La Cosmetic Valley s’installe à Shanghaï. Le pôle de compétitivité, qui défend les intérêts de la filière des cosmétiques, soins et parfums fabriqués en France, a annoncé ouvrir une « ambassade » cette année pour accompagner les entreprises tricolores à l’export en Chine. Car le pays est un débouché majeur pour l’industrie des cosmétiques français. En 2021, les ventes de produits de beauté tricolores avaient représenté 2 milliards d’euros de chiffre d’affaires. Un rouge à lèvres français sur quatre y est exporté, rappelle aujourd’hui la Fédération des entreprises de la beauté (Febea).

Mais, dans ce pays dont le marché des produits cosmétiques pourrait atteindre 90 milliards d’euros en 2027, contre 55 milliards aujourd’hui, selon les projections du cabinet de conseil McKinsey, les fabricants étrangers sont confrontés à de redoutables barrières à l’entrée. La législation y est contraignante ; elle leur impose notamment de procéder aux tests de certains de leurs produits sur des animaux, dans des laboratoires agréés par l’administration chinoise, un procédé interdit dans l’Union européenne (UE) depuis vingt ans.
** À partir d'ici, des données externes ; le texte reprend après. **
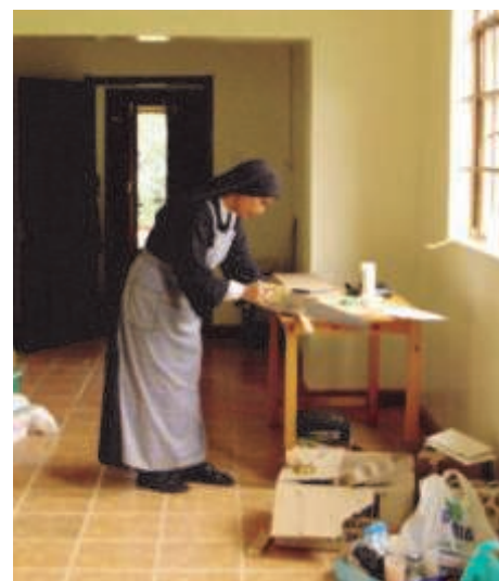
Sister has a great devotion to St. Joseph.

The whole community also has some moments of relaxation. Every day the sisters go for a walk after lunch for about half an hour, and on second Wednesdays, the novices and postulants go for a long walk for the whole afternoon. On the last Wednesday of the month the whole community goes out for a picnic at a green park where they spend most of the day in innocent games, not forgetting, of course,

De plus, la conjoncture en Chine est plus maussade. Et la concurrence qu’endurent les fabricants français est plus musclée, notamment depuis l’offensive des marques coréennes pour conquérir les jeunes Chinois. De sorte que, sur ce marché juteux, les marques étrangères ne sont plus dans une situation aussi confortable qu’auparavant. Résultat, en 2023, l’exportation de la production vers la Chine n’a progressé que de 1,7 % environ, bien en deçà des +5 % de 2022. Après un bond de 56 % entre 2019 et 2021, le pays était pourtant devenu le premier débouché des exportations de fards, mascaras et autres crèmes fabriqués dans l’Hexagone. Il ne représente plus que 9,4 % de l’export français.

Une bouffée d’oxygène

En 2023, grâce à un bond de 20,8 %, l’UE a conservé sa place au premier rang des marchés d’exportation des produits cosmétiques français (environ 40 %), devant les Etats-Unis, premier marché au monde de cosmétiques. Un parfum produit en France sur cinq est expédié outre-Atlantique, observe la Febea. Toutefois, les ventes de l’industrie française y ont progressé de 2,8 % seulement en 2023, après un bond de 26,7 % en 2022. Enfin, le Moyen-Orient présente aussi des signes d’affaiblissement. Les ventes des fabricants français de cosmétiques y sont en recul de 2,4 % environ, compte tenu de la forte baisse des exportations vers l’Arabie saoudite.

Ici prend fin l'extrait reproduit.